Later, when you ask the AI:

"Here's the test suite. Generate a Gold Standard implementation that satisfies these behaviors."

you've already done the hardest part. You've turned fuzzy product ideas into precise, testable, natural-language behavior.

The AI now has a clear contract. Your job shifts from "guess if this code looks right" to "check whether this code genuinely satisfies the contract".


Humans stay accountable. AI becomes responsible.

GS-TDD also adds a small governance layer, inspired by the RACI model:

  • The human stays Accountable. You own correctness, security, architecture, and final approval.
  • The AI is usually Responsible. It writes tests, first implementations, and many refactorings.
  • Both can be Consulted. You can ask the AI for better tests. The AI relies on your review and edits.
  • The team is Informed. Pull requests, docs, and shared patterns make the process visible.

In practice this means:

  • The AI's allowed to move fast. It can generate tests, try an implementation, and iterate in a tight loop with the test suite.
  • Nothing ships unless a human has:
    • read and approved the tests
    • skimmed or reviewed the implementation
    • decided that it's good enough for production in this context

You're not outsourcing judgment. You're outsourcing typing and a lot of routine reasoning.


What this Ward (and the series) is here to do

This first Ward isn't the deep dive. It's the reframe.

  • AI isn't just a smarter autocomplete. It behaves like a second engineer who badly needs process.
  • The answer isn't "never use AI".
  • The answer's also not "YOLO prompts in production".
  • The interesting space sits in the middle: AI-native workflows with boringly reliable outcomes.

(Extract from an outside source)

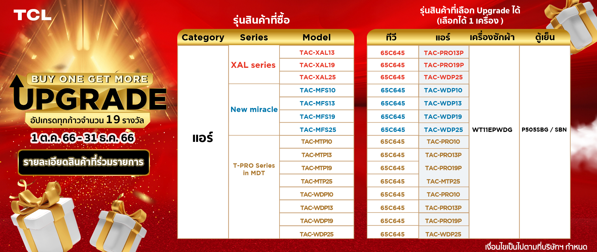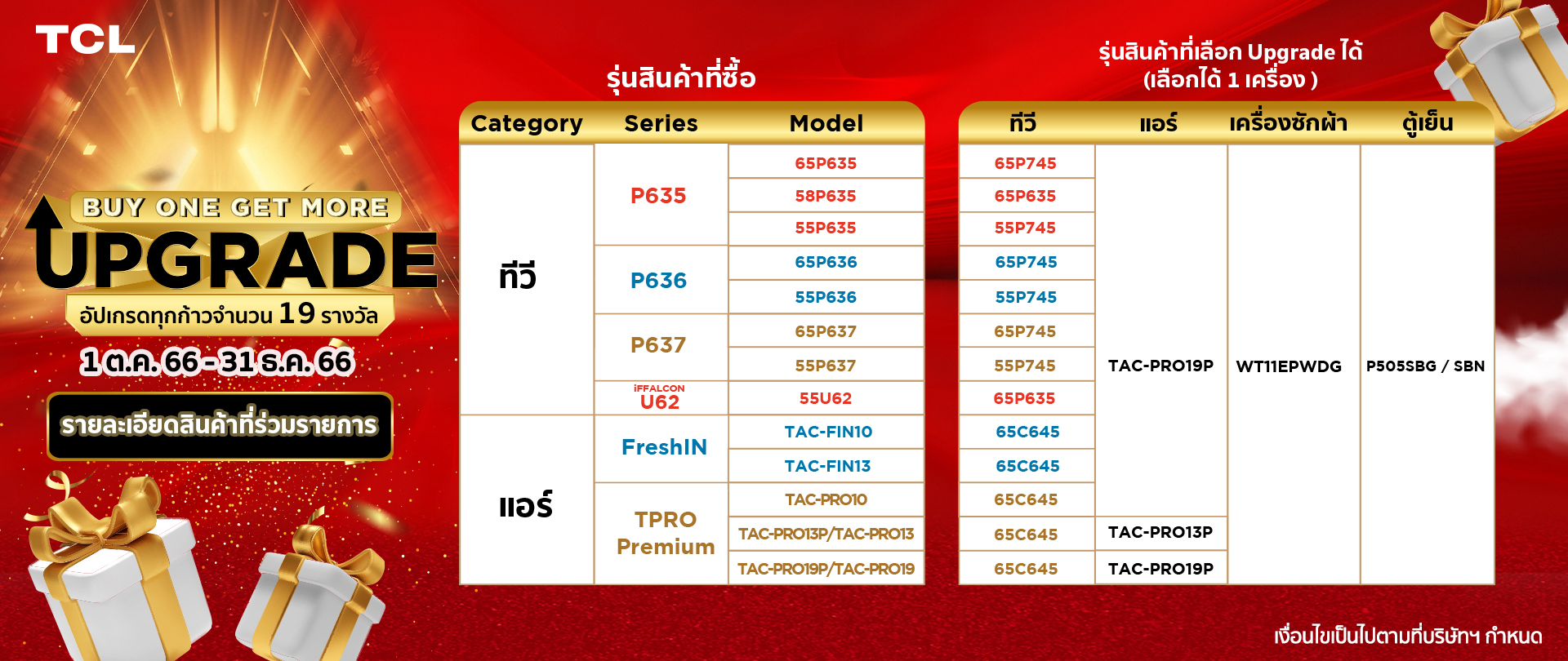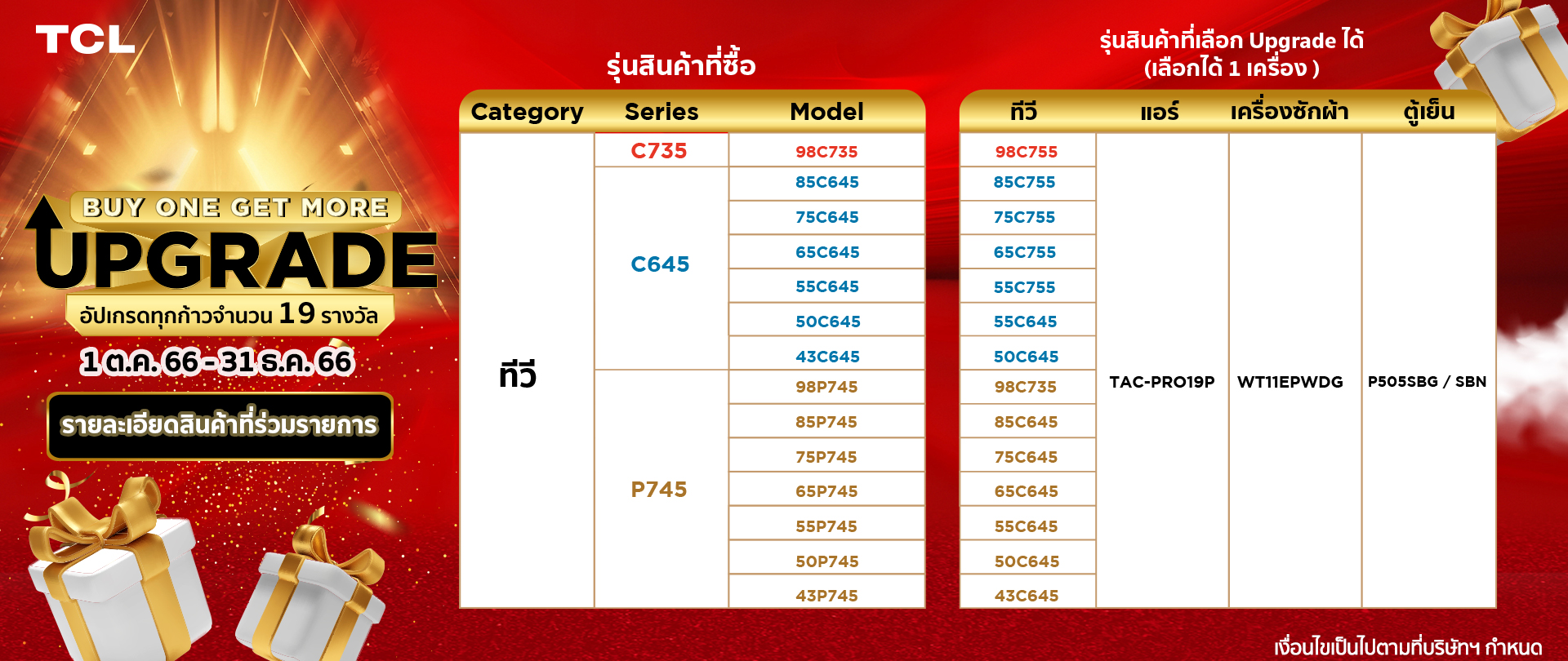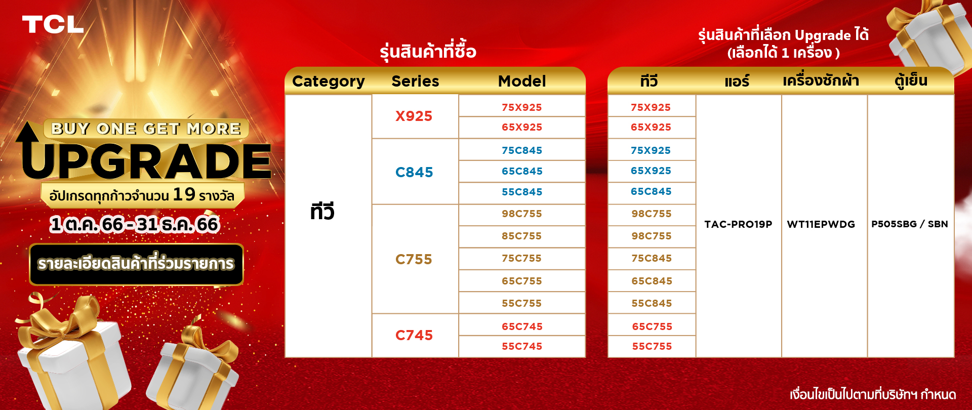 3. ลูกค้าสามารถเลือกรับของรางวัล Upgrade ได้ 1 เครื่อง เช่น ทีวี ตู้เย็น เครื่องซักผ้า หรือ เครื่องปรับอากาศ

In the upcoming Wards, we'll get much more concrete. For example:

  • How to structure BDD-style tests so they double as great AI prompts.
  • How to phrase "Gold Standard" instructions that actually change the quality of the output.
  • How to run an AI-driven "Monitored Debugging Loop" without letting it cheat or overfit to tests.
  • How to adapt GS-TDD to:
    • frontend components
    • backend services
    • legacy code and refactors
    • AI agent workflows themselves

My north star for all of this:

If a senior engineer followed this process with a decent AI, they should end up with code they're not ashamed to put their name on.

No hype. No "10x engineer" cosplay. Just a calm, opinionated way to let AI do more of the typing, while you keep control of quality, architecture, and risk.


Where to go from here

If any of this felt familiar, you can treat this Ward as your baseline.

  1. Notice where you vibe code today.
    The "it looks right" moments. The rushed "eh, ship it" merges.

  2. Pick one feature or bugfix on your next task and ask:
    "What would the Gold Standard version of this look like if I made the AI work harder?"

  3. Write slightly better tests.
    Add one or two BDD-style descriptions that explain behavior in human language, not just asserts.

Small changes in how you ask the AI and how you constrain the workflow can make a big difference in the quality of what lands in main.

GS-TDD is just a name for that shift. Away from vibes, and toward verifiable, test-driven collaboration with your AI.

More patterns, prompts, and concrete walkthroughs will follow in the next Wards.


Real talk

I built this site using GS-TDD with Claude Sonnet. Every feature started with tests. The AI wrote most of the code. I reviewed everything. It works, it's tested, and I'm not embarrassed by it.

The mutation testing article you might've just read? That rate limiter was built this way. The chatbot nudging you right now? Also GS-TDD. Tests first, Gold implementation, refactor when needed.

This isn't theory. It's how this site exists.